The Rio Branco Institute (Instituto Rio Branco; Abbreviation: IRBr) is Brazil's diplomatic graduate school, internationally recognized as one of the best diplomatic academies in the world. It is the oldest government school in the country and the third oldest diplomatic training institution on the planet, located in Brasília. The institute was created on April 18, 1945, as part of the centennial celebration of the birth of the Baron of Rio Branco, the greatest and most important diplomat in the history of Brazil. The IRBr is run by the Ministry of External Relations of Brazil.

Graduation from the IRBr is the only possible entrance point into the diplomatic career in Brazil.

==Admission==

===Requirements===
The Ministry of External Relations established the following prerequisites for admission:
- Possess Brazilian citizenship by birth;
- Be over 18 years old;
- Possess an undergraduate degree recognized by the Ministry of Education of Brazil;
- Be up-to-date with military and electoral obligations;
- Possess a clean criminal record.

===Entry===
Admission to IRBr is achieved through a three-phase entrance examination:
- First phase: pre-selection exam on Brazilian History, World History, Law, Economics, International Politics, Geography, Portuguese and English;
- Second phase: written exams on Portuguese, English, Brazilian History, Law, Economics, International Politics, Geography, and either Spanish or French.

The exam at the Rio Branco Institute is considered the most difficult public exam in Brazil and one of the most complex in the world. After being approved, the candidate must present the documents required by law and enroll in the Graduation and Improvement Program. Soon after, the candidate begins to study diplomacy at the Institute and becomes a career diplomat.

==Courses==

Students at the Rio Branco Institute, in 1947.

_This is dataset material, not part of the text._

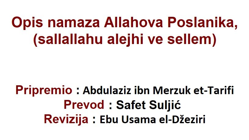 Veoma korisna knjiga koja pojašnjava namaz Allahova Poslanika, sallallahu alejhi ve sellem, u djelu i riječima, i to na lijep i jednostavan način uz pomen dokaza. OPIS NAMAZA ALLAHOVA POSLANIKA (sallallahu alejhi ve sellem) Autor Sheikh Abdulaziz ibn Merzuk et-Tarifi

The Rio Branco Institute offers a mandatory and intense career program and three advancement courses.

===Graduate Course===
The IRBr's Graduation and Improvement Program, Diplomat Training Course (CFD), is a one-year-and-a-half program of studies, encompassing studies in fields such as History, Economics, Politics, Law, Foreign Policy, English, French, Spanish, Chinese, Russian and Arabic. After successful completion of the course, students are confirmed in the Foreign Service as Third-Secretaries.

===Postgraduate Course===

The Diplomat Improvement Course (CAD) is maintained by the Rio Branco Institute as an integral part of the diplomat career training and qualification system, with the aim of deepening and updating the knowledge necessary for the performance of the functions performed by Seconds and First Secretaries. Possession of the CAD diploma is a requirement for the functional progression of its holder to First Secretary.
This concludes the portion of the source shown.